▶ **Records to use**
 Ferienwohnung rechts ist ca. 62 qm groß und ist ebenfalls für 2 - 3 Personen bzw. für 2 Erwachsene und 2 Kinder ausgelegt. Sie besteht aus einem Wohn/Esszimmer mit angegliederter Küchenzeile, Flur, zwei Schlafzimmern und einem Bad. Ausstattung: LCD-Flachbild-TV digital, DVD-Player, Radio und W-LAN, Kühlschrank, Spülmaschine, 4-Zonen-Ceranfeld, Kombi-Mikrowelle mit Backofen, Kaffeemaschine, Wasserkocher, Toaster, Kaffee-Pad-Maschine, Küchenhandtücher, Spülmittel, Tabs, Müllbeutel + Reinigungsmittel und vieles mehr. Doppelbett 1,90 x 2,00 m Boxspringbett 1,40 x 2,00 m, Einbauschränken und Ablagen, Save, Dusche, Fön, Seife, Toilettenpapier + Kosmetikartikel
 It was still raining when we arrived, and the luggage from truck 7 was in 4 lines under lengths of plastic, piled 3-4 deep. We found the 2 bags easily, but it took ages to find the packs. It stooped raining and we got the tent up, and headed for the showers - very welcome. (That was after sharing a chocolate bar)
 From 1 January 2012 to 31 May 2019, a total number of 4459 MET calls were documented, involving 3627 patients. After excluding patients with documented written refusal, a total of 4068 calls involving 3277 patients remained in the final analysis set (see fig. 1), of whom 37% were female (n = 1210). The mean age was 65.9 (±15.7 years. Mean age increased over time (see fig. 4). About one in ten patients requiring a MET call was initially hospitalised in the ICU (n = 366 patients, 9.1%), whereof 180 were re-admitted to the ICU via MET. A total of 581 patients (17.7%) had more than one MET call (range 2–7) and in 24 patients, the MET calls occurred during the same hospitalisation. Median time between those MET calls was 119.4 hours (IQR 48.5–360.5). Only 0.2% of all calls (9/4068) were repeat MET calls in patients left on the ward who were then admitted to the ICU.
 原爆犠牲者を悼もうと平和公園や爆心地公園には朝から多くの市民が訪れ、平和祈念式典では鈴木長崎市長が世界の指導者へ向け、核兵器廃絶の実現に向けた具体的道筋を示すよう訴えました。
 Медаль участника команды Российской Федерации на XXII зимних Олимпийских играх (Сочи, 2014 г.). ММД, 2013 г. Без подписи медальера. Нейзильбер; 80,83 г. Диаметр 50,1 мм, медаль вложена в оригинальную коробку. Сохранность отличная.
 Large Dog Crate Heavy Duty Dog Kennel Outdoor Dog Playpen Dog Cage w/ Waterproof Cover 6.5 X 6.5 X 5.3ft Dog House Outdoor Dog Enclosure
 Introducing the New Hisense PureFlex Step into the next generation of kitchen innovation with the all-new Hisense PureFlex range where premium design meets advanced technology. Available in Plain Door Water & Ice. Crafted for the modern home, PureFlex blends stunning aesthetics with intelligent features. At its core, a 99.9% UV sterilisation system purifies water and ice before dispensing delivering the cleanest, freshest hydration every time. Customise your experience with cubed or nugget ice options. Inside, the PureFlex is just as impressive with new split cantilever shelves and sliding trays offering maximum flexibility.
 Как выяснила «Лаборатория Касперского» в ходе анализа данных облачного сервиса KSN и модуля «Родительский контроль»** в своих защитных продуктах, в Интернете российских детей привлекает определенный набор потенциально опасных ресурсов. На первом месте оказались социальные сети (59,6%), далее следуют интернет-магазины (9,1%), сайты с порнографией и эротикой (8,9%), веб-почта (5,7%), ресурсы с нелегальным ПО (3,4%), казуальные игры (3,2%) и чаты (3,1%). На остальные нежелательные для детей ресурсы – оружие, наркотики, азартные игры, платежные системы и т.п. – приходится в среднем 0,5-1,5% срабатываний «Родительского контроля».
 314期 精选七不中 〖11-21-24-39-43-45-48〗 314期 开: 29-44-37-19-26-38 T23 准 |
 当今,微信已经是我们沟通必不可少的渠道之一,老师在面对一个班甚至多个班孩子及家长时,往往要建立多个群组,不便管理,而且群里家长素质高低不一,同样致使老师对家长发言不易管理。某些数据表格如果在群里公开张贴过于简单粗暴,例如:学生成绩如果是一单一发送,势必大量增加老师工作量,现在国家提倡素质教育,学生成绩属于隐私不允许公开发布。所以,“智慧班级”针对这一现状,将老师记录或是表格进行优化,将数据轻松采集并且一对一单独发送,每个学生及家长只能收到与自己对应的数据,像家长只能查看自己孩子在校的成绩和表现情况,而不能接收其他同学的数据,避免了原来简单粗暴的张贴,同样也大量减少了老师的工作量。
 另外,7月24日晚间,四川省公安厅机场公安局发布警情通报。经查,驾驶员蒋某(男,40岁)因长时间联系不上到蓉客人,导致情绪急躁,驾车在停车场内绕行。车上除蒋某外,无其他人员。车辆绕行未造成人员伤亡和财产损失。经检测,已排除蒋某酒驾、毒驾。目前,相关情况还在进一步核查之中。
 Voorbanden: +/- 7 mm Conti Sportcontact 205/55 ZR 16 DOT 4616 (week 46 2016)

▶ **Work to be completed**
Take the lines above from the one containing "It was still" down to the one containing "Introducing the New", and transcribe them exactly, both ends included.

▶ **Solution below**
 It was still raining when we arrived, and the luggage from truck 7 was in 4 lines under lengths of plastic, piled 3-4 deep. We found the 2 bags easily, but it took ages to find the packs. It stooped raining and we got the tent up, and headed for the showers - very welcome. (That was after sharing a chocolate bar)
 From 1 January 2012 to 31 May 2019, a total number of 4459 MET calls were documented, involving 3627 patients. After excluding patients with documented written refusal, a total of 4068 calls involving 3277 patients remained in the final analysis set (see fig. 1), of whom 37% were female (n = 1210). The mean age was 65.9 (±15.7 years. Mean age increased over time (see fig. 4). About one in ten patients requiring a MET call was initially hospitalised in the ICU (n = 366 patients, 9.1%), whereof 180 were re-admitted to the ICU via MET. A total of 581 patients (17.7%) had more than one MET call (range 2–7) and in 24 patients, the MET calls occurred during the same hospitalisation. Median time between those MET calls was 119.4 hours (IQR 48.5–360.5). Only 0.2% of all calls (9/4068) were repeat MET calls in patients left on the ward who were then admitted to the ICU.
 原爆犠牲者を悼もうと平和公園や爆心地公園には朝から多くの市民が訪れ、平和祈念式典では鈴木長崎市長が世界の指導者へ向け、核兵器廃絶の実現に向けた具体的道筋を示すよう訴えました。
 Медаль участника команды Российской Федерации на XXII зимних Олимпийских играх (Сочи, 2014 г.). ММД, 2013 г. Без подписи медальера. Нейзильбер; 80,83 г. Диаметр 50,1 мм, медаль вложена в оригинальную коробку. Сохранность отличная.
 Large Dog Crate Heavy Duty Dog Kennel Outdoor Dog Playpen Dog Cage w/ Waterproof Cover 6.5 X 6.5 X 5.3ft Dog House Outdoor Dog Enclosure
 Introducing the New Hisense PureFlex Step into the next generation of kitchen innovation with the all-new Hisense PureFlex range where premium design meets advanced technology. Available in Plain Door Water & Ice. Crafted for the modern home, PureFlex blends stunning aesthetics with intelligent features. At its core, a 99.9% UV sterilisation system purifies water and ice before dispensing delivering the cleanest, freshest hydration every time. Customise your experience with cubed or nugget ice options. Inside, the PureFlex is just as impressive with new split cantilever shelves and sliding trays offering maximum flexibility.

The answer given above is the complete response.